Born in Washington, North Carolina, Warren studied at Bingham School in Asheville from 1903 to 1906. He attended the University of North Carolina at Chapel Hill from 1906 to 1908 and then from 1911 to 1912 (the second time studying law). He was admitted to the bar in 1912 and practiced law in his hometown of Washington.
That same year, he was named county attorney for Beaufort County, North Carolina, and elected the chairman of the executive committee for the county Democratic Party; he would hold both posts until 1925. He was elected to the North Carolina Senate in 1917 and 1919, serving as Senate president pro tem in 1919 and 1920, and as the chair of the special legislative commission on workmen's compensation acts.

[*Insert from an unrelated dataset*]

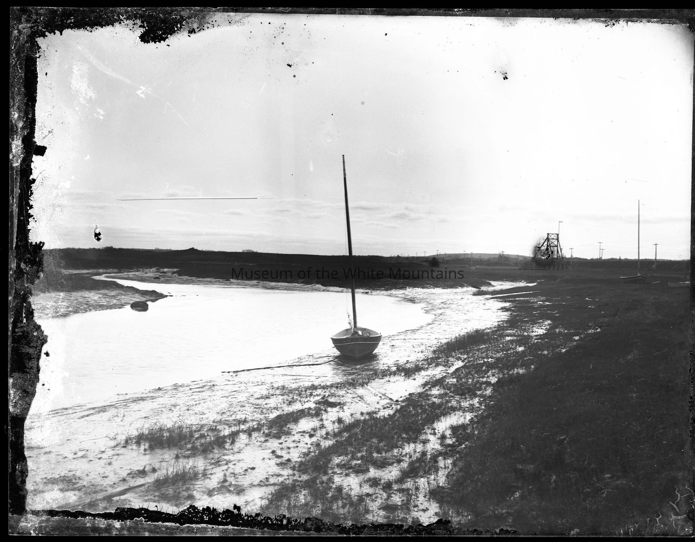 This black and white image shows a sail boat stuck in a grassy march area with what looks to be a river coming through the field. In the back, is what looks to be an oil rig or similar machine. It is possible that this image was taken on the coast of New Hampshire or Massachusetts, where the photographer did some work, but the location is unknown.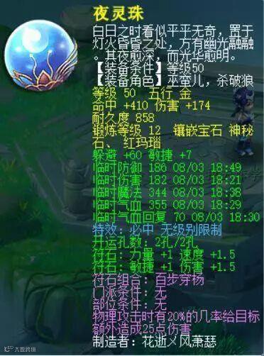 先来一把50级武器,属性相当不错,而且还必中和无级别特效,12段宝石开2孔,也是一件不可多得的低级神器。

In 1923, Warren was sent to the North Carolina House of Representatives for a single term before being elected, in 1924, to the 69th United States Congress. He was re-elected seven times, serving in the U.S. House of Representatives from March 4, 1925 until November 1, 1940, when he resigned from Congress. During the 72nd through 75th Congresses, he was chairman of the Committee on Accounts. He was also a delegate to the Democratic National Committee in 1932 and 1940, and chaired the North Carolina Democratic Convention in 1930 and 1934.
Warren left Congress to accept the post of Comptroller General of the United States, serving in that role for almost fourteen years, until May 1, 1954. He returned to the North Carolina House for two additional terms in 1959 and 1961, and died in 1976 in his hometown of Washington, North Carolina.
A 2.8 mile bridge, one of the longest in North Carolina, was built in 1960 over the Alligator River and is named in honor of Warren.